WHAT IS NEEDED:
Pictures in the listing below are skipped, while the lines from the "- Kèo tỷ số" line through the "the piece. |" line are returned word for word.

SUPPLIED DATA:
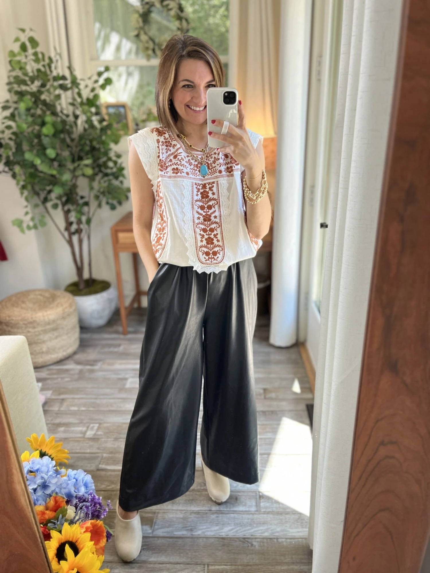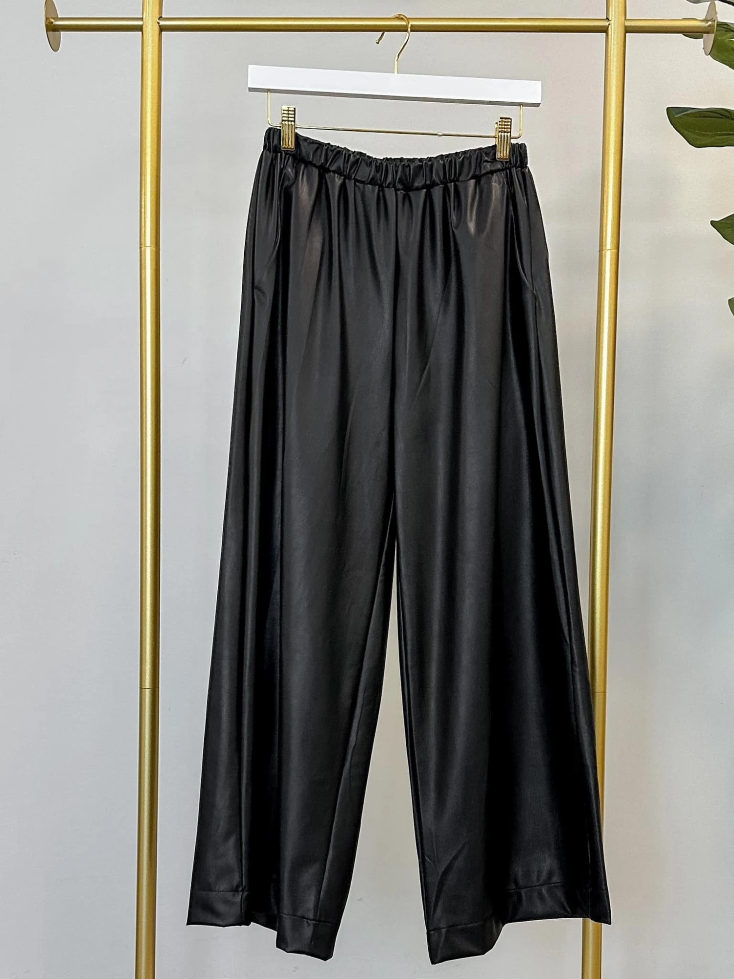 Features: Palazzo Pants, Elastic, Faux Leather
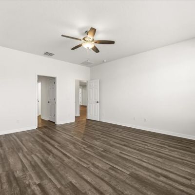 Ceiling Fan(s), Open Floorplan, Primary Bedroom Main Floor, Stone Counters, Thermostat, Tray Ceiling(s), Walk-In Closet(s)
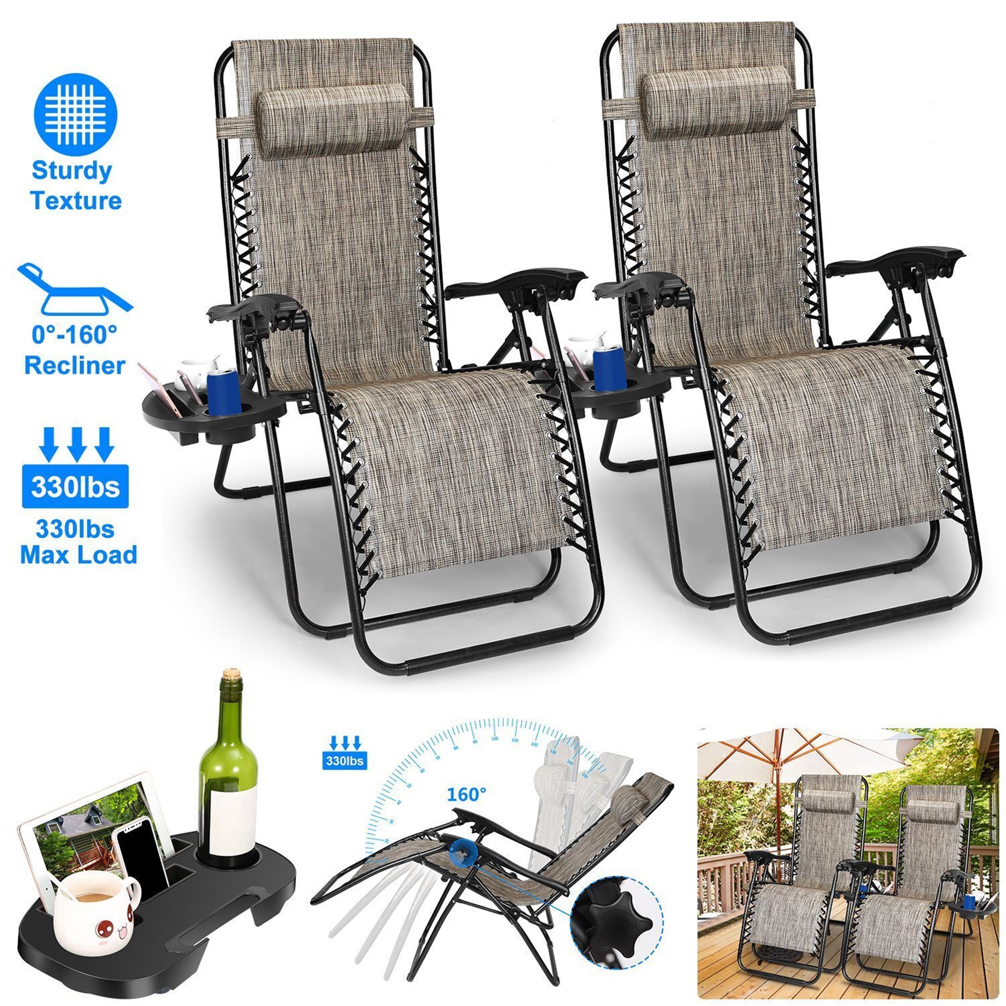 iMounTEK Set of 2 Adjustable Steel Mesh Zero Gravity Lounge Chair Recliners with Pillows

--

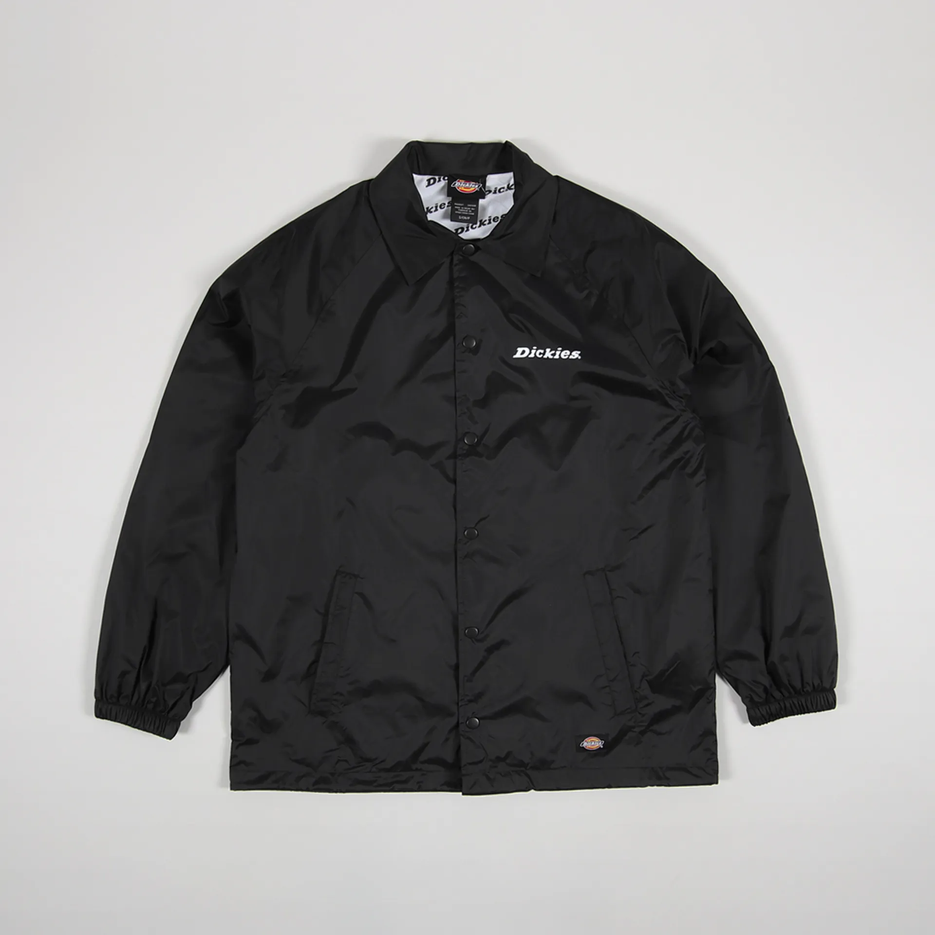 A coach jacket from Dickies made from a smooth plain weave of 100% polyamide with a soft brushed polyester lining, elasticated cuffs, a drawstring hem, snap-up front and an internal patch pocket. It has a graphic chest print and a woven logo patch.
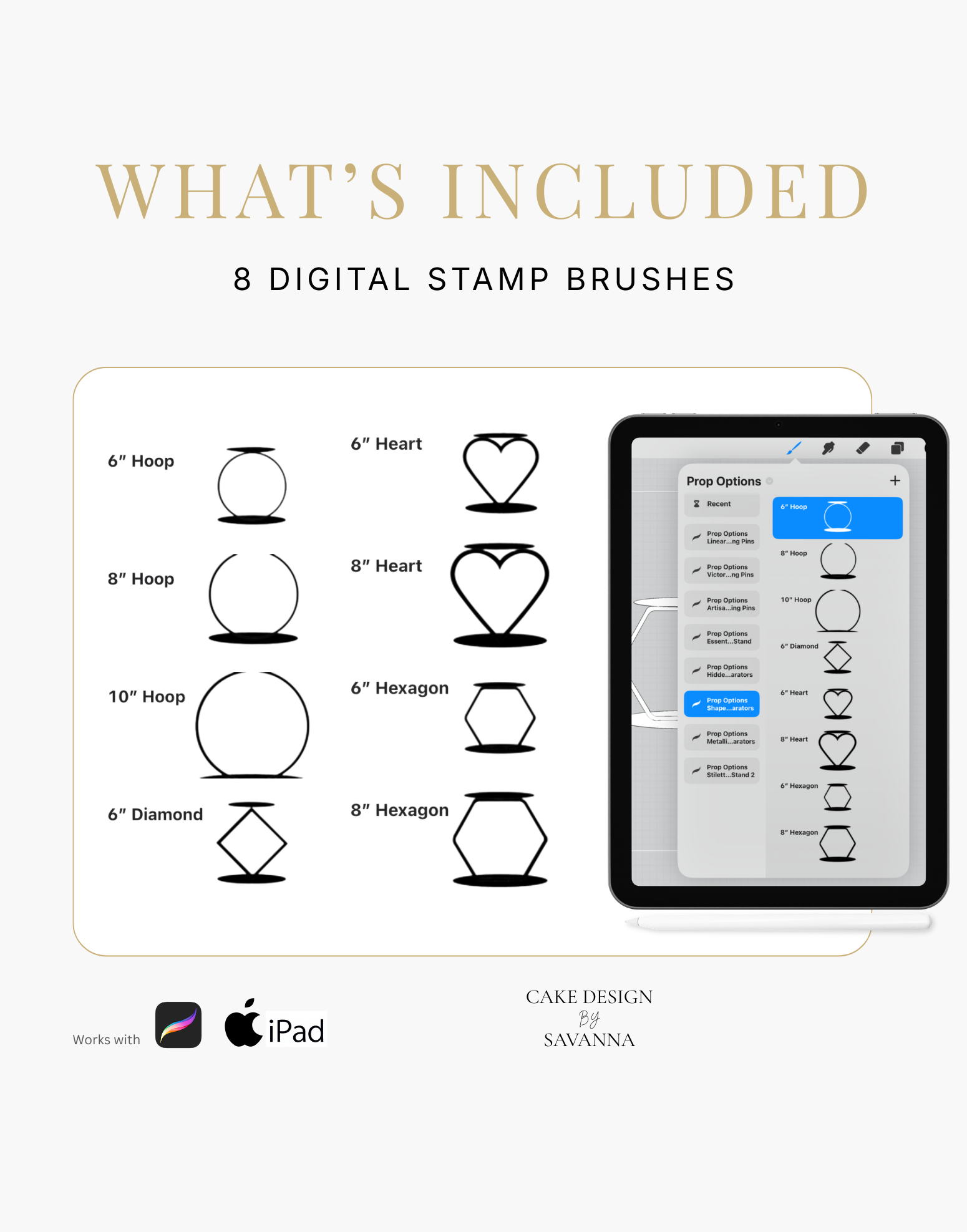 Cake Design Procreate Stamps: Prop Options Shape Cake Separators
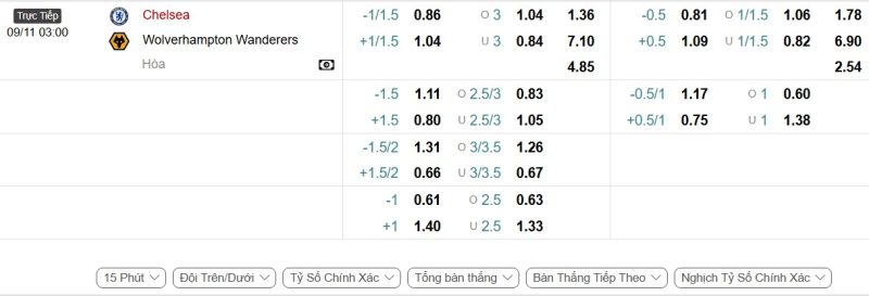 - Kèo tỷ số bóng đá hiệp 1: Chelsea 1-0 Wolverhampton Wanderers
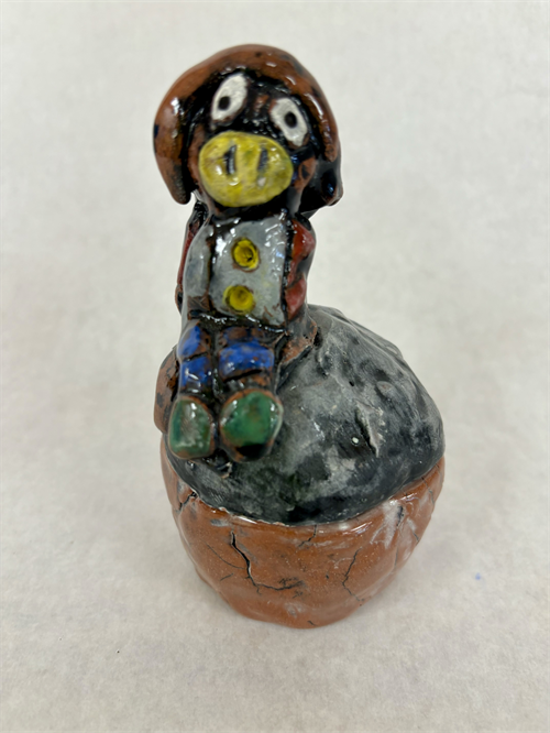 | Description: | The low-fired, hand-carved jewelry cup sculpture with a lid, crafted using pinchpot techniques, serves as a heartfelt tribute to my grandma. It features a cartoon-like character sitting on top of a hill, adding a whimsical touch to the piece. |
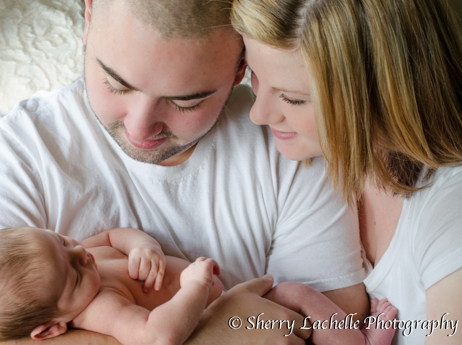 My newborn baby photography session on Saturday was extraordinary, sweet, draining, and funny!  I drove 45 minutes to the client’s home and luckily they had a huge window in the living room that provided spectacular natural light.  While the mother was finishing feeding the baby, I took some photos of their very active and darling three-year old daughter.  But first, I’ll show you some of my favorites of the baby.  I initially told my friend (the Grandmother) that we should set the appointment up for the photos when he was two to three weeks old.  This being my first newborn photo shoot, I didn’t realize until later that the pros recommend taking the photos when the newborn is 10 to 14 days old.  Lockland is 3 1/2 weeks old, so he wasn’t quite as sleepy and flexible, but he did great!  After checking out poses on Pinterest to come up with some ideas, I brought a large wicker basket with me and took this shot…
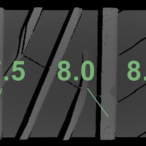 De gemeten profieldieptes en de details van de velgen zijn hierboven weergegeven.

REPLY TO THE TASK:
 - Kèo tỷ số bóng đá hiệp 1: Chelsea 1-0 Wolverhampton Wanderers
 | Description: | The low-fired, hand-carved jewelry cup sculpture with a lid, crafted using pinchpot techniques, serves as a heartfelt tribute to my grandma. It features a cartoon-like character sitting on top of a hill, adding a whimsical touch to the piece. |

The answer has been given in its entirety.